Я закрыл глаза наподобие тех, кто, раскорячившись на унитазе, еще мгновенье удерживает фекалии в кишках. Ради будущих воспоминаний я сосредоточился на сути своих надежд. Будучи прекрасно осведомленным о вселенском законе, который предопределяет различие между воображаемым и реальным, я даже подготовился к разочарованию. Когда я открыл глаза, весь мой обзор заполнил номер 54. Пятьдесят четвертая страница. Под номером я увидел окончание зловеще знакомого предложения, начинавшегося на предыдущей странице: «…сказал Дейв, тщательно отерев губы и бросив скомканную салфетку в тарелку». Я ткнулся лицом в подушку, сраженный осознанием того, насколько сложна и утонченна особь Салли Кли и как вульгарно невежествен я сам. «Сквозь пламя свечи Дейв внимательно глянул на брата и невестку и тихо договорил: “Другие же сравнивают с острым возбуждающим запахом женщины (Дейв опять посмотрел на Мойру). Бесспорно, он наводит на мысль о физической близости…”» Я отбросил лист и схватил другой — страница сто девяносто шестая: «…земли стучали по крышке гроба; дождь прекратился внезапно, как и начался. Мойра отделилась от толпы скорбящих и побрела по кладбищу, машинально читая надгробные надписи. Она была расслаблена, точно после тяжелого, но безоговорочно хорошего фильма. Мойра долго стояла под тисом и рассеянно колупала кору длинным ногтем в оранжевом лаке. Возле ее ног скакал одинокий замерзший воробушек, взъерошивший перья». Ни одно слово, ни одна фраза не исправлены, все без изменений. Страница двести тридцатая: “…тать в облаках? — раздраженно переспросил Дейв, — А что это означает?” Мойра разглядывала брачок на бухарском ковре и молчала. Дейв пересек комнату, взял ее за руку и торопливо сказал: “Я спрашиваю, потому что должен многому у тебя научиться. Ты много страдала.

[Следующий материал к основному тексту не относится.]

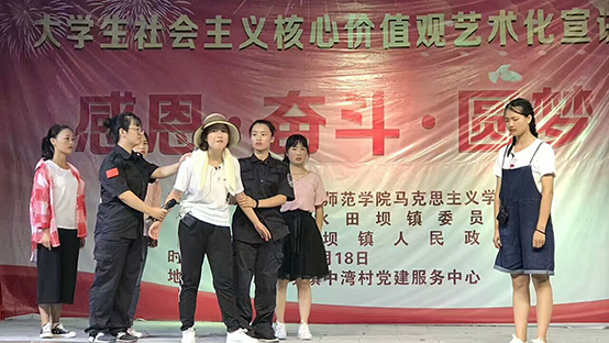 7月18日,由Kaiyun官方网站登录入口马克思主义学院、水田坝镇党委政府主办的社会主义核心价值观宣讲晚会在该镇中湾村圆满落幕。龙山副县级领导田清文、教体局长傅立波、对口扶贫办主任朱常武、水田坝党委书记田鹏、镇长余宇航及中湾村全体领导干部、Kaiyun官方网站登录入口马克思主义学院院长周小李教授、吴红老师莅临现场。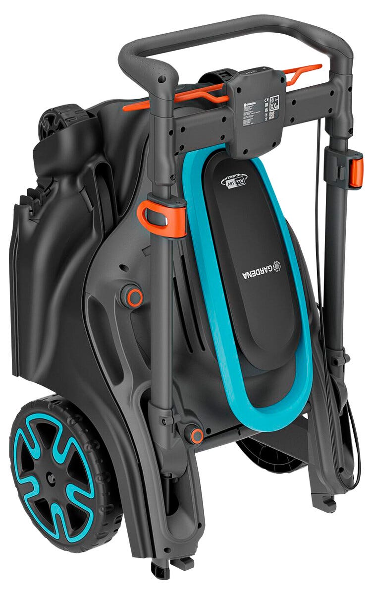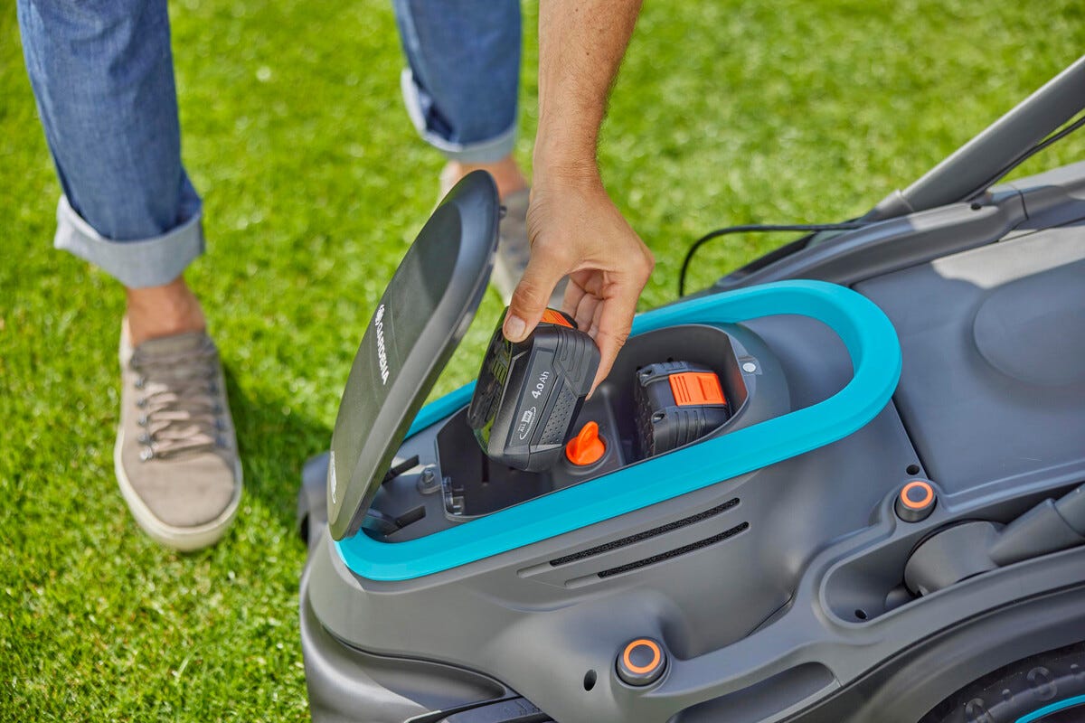 • Gardena PowerMax Duo 46/36 V Set 4.0 -ruohonleikkuri – mukana 2 akkua ja 1 laturi.
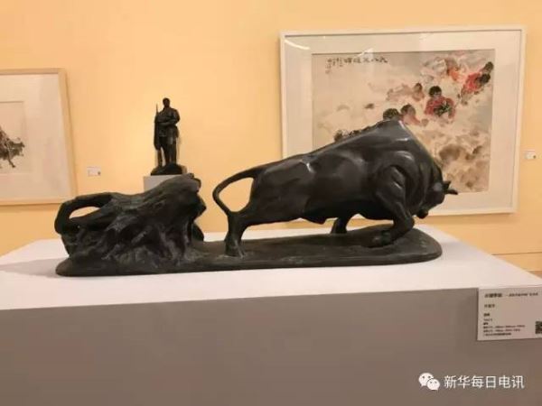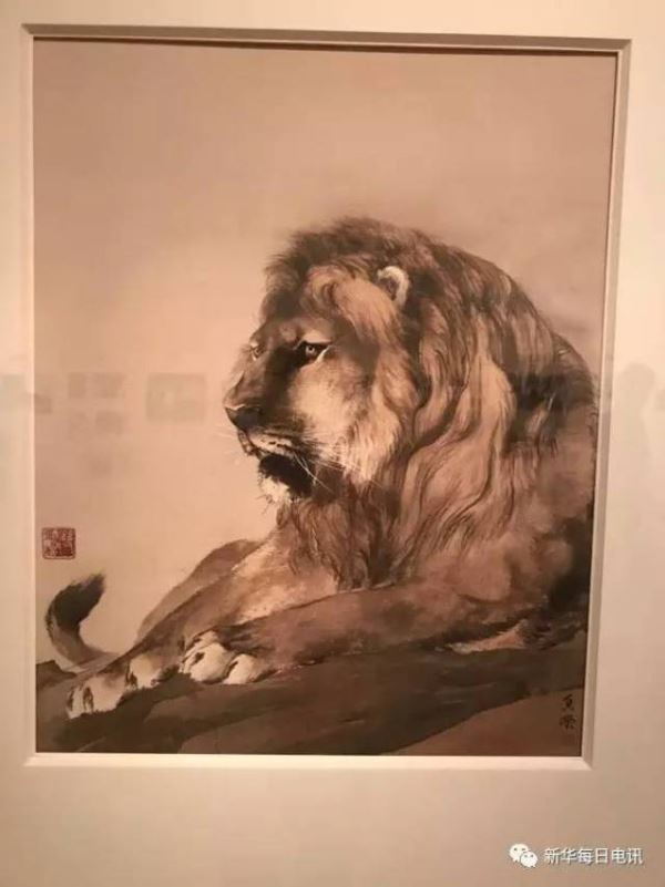 一楼大厅里,一些老年观众在作品《狮》前久久停留。画面中一只雄狮横卧在缓坡上,似乎在梦中受惊而醒,有些恼怒地抬头逼视前方,两只前腿虽然并未抬起,但爪子却已抓入地中,随时可以一跃而起,威猛的气势毕现。这幅作品令人很难相信出自女子之手,它是中国革命元老级人物之一何香凝女士的作品。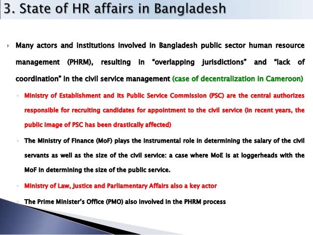 8. 8.  Many actors and institutions involved in Bangladesh public sector human resource management (PHRM), resulting in “overlapping jurisdictions” and “lack of coordination” in the civil service management (case of decentralization in Cameroon) ◦ Ministry of Establishment and its Public Service Commission (PSC) are the central authorizes responsible for recruiting candidates for appointment to the civil service (In recent years, the public image of PSC has been drastically affected) ◦ The Ministry of Finance (MoF) plays the instrumental role in determining the salary of the civil servants as well as the size of the civil service: a case where MoE is at loggerheads with the MoF in determining the size of the public service. ◦ Ministry of Law, Justice and Parliamentary Affairs also a key actor ◦ The Prime Minister’s Office (PMO) also involved in the PHRM process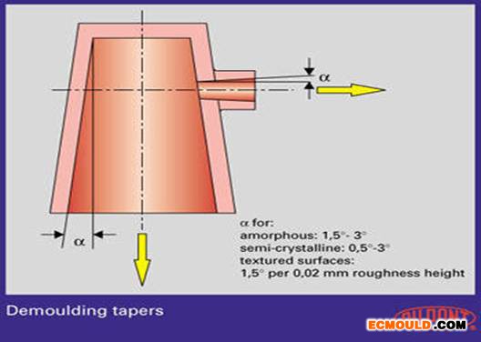 模具制造的必须相对严格地遵守。设计者应切记,脱模斜度的重要性在于它能使脱模容易及防翘曲(见图3)。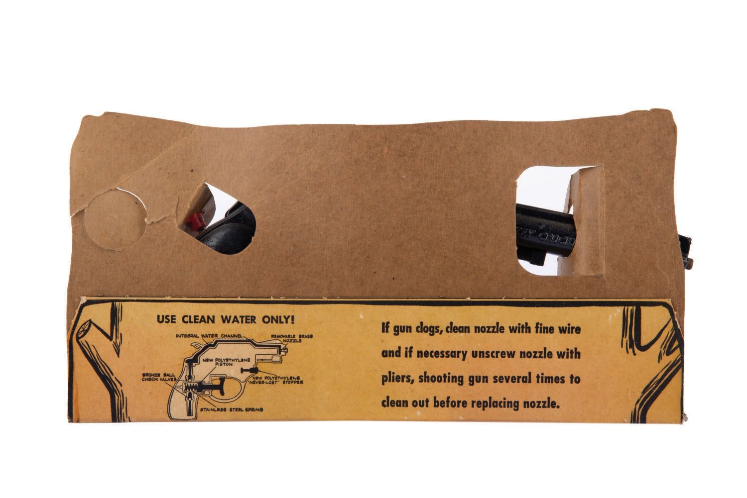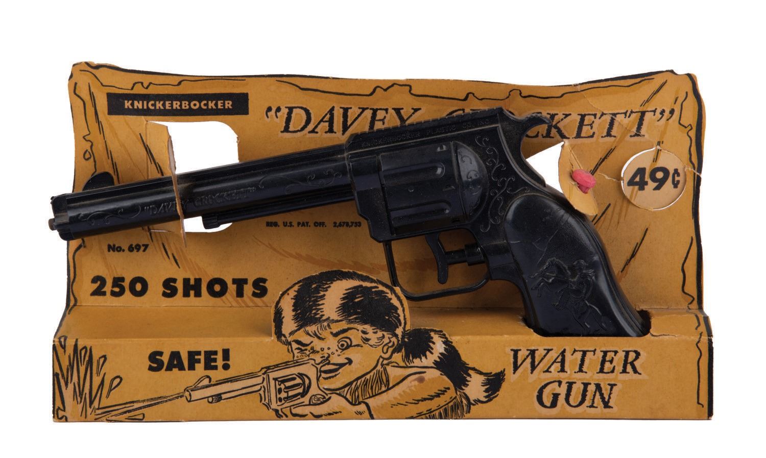 (Knickerbocker, 1950s) A "Davey Crockett" Water gun. This plastic toy water pistol is unused in its original packaging. The 8.5"x4" gun is in fine condition gun, with the 9.5"x5.5" card in good condition, with creases and small tears to the right side of the card. Both have light wear from age and display.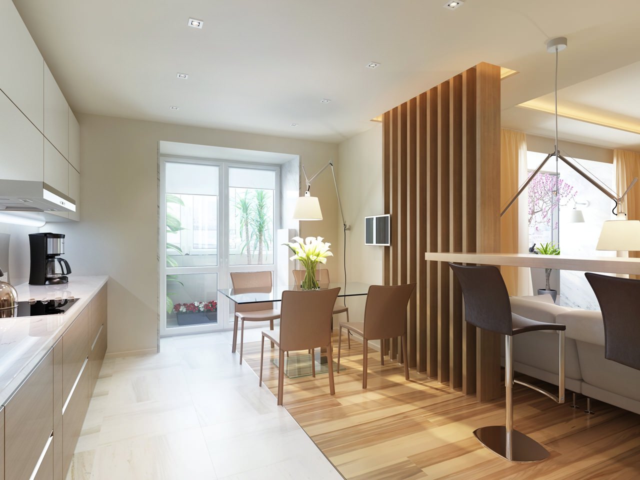 Зонирование кухни и гостиной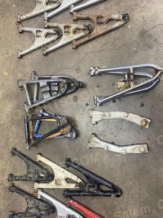 New and used A-arms, J-arms, D-arms, (control arms) bushings for A-arms, J-arms and D-Arms, ball joints, shocks, shock wear, shock springs, swingarms, dog bones, carriers, skid plates, carrier bearings, carrier bearing seals, and carrier brake stays. These may be Factory OEM, OEM replacement, OEM modified, or aftermarket parts.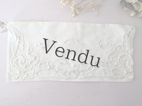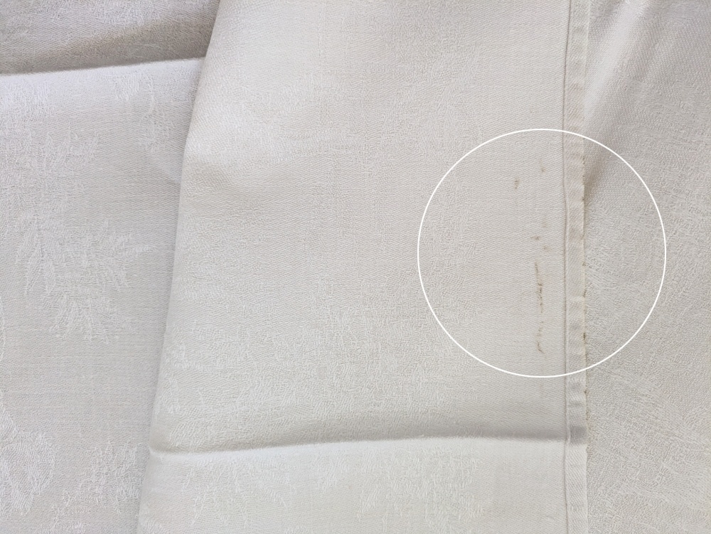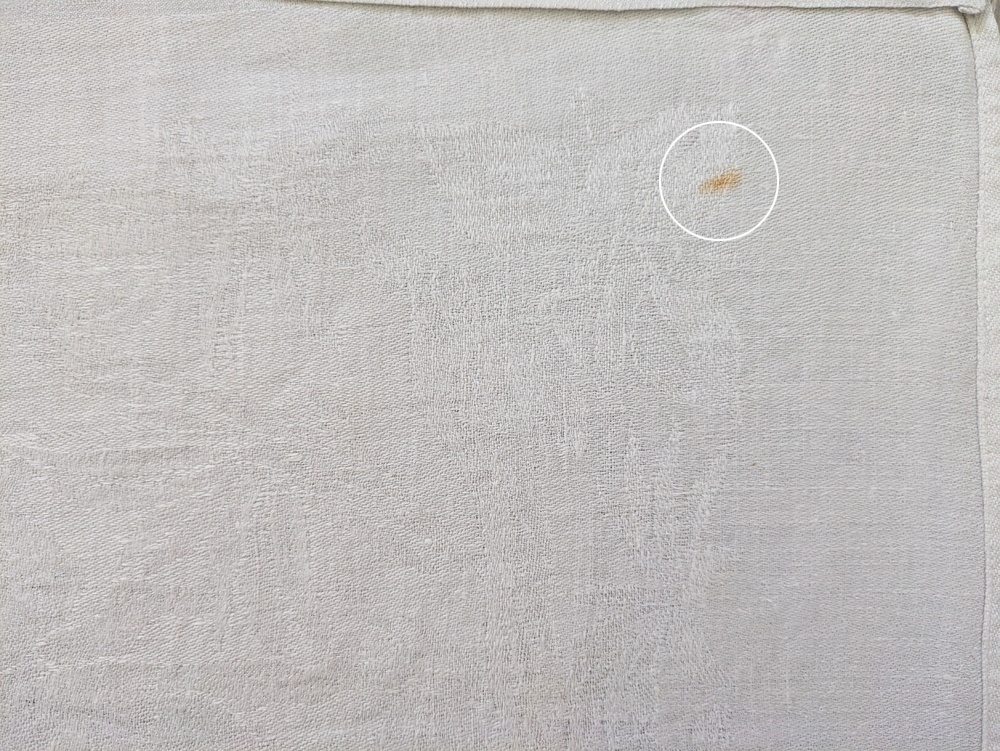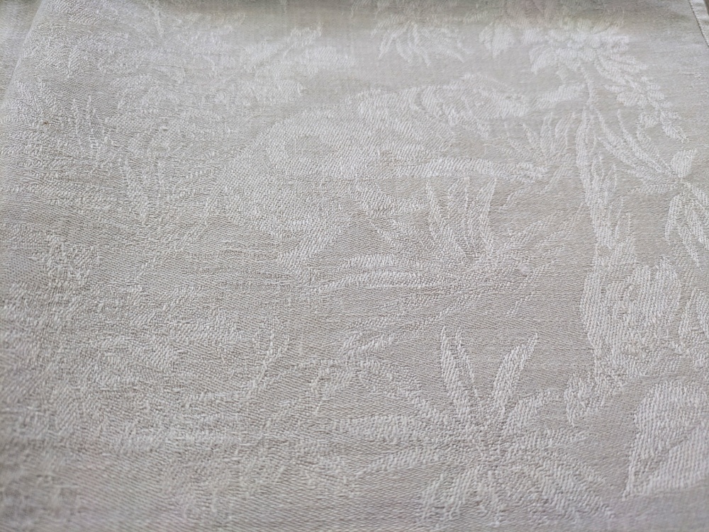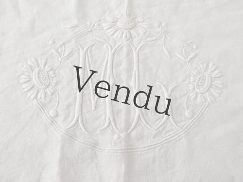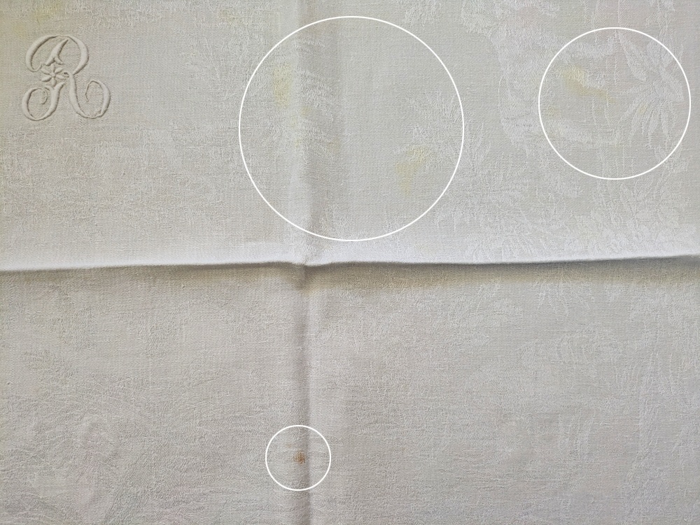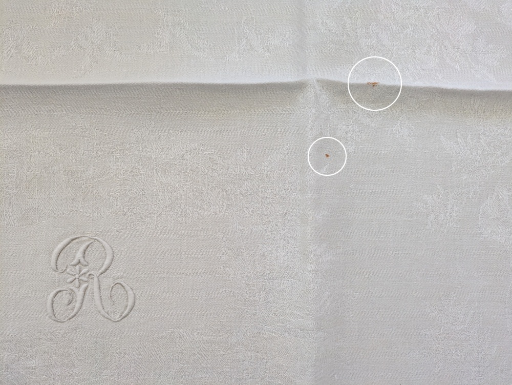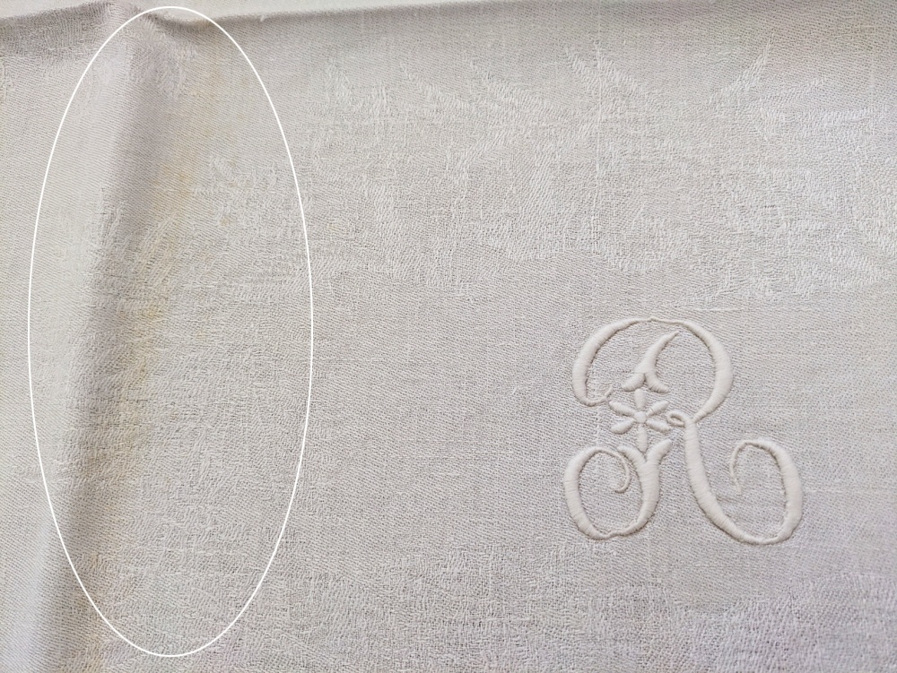 - > フランスアンティーク イニシャル手刺繍R ダマスク織リネンクロス

Ты много изведала”. Мойра отняла руку и взяла чашку с жидким, чуть теплым чаем. “Почему мужчины презирают женщин?” — вяло подумала она».
Больше я читать не мог. Я взгромоздился на кроватную спинку и поскреб грудь, прислушиваясь к нудному тиканью часов в прихожей. Значит, творчество — не что иное, как показная занятость? Стало быть, в основе его страх перед тишиной и скукой, который запросто можно унять неумолчным треском пишущей машинки? Короче, достаточно смастерить один роман, а потом можно тщательно, страница за страницей, вновь его перепечатывать, так, что ли? (Я мрачно закидывал в рот отысканных на груди гнид.) В глубине души я сознавал, что, вероятно, довольно и этого, но вместе с тем теперь я уже ничего не понимал. А ведь в апреле мне два с половиной года! Такое впечатление, что я вчера родился.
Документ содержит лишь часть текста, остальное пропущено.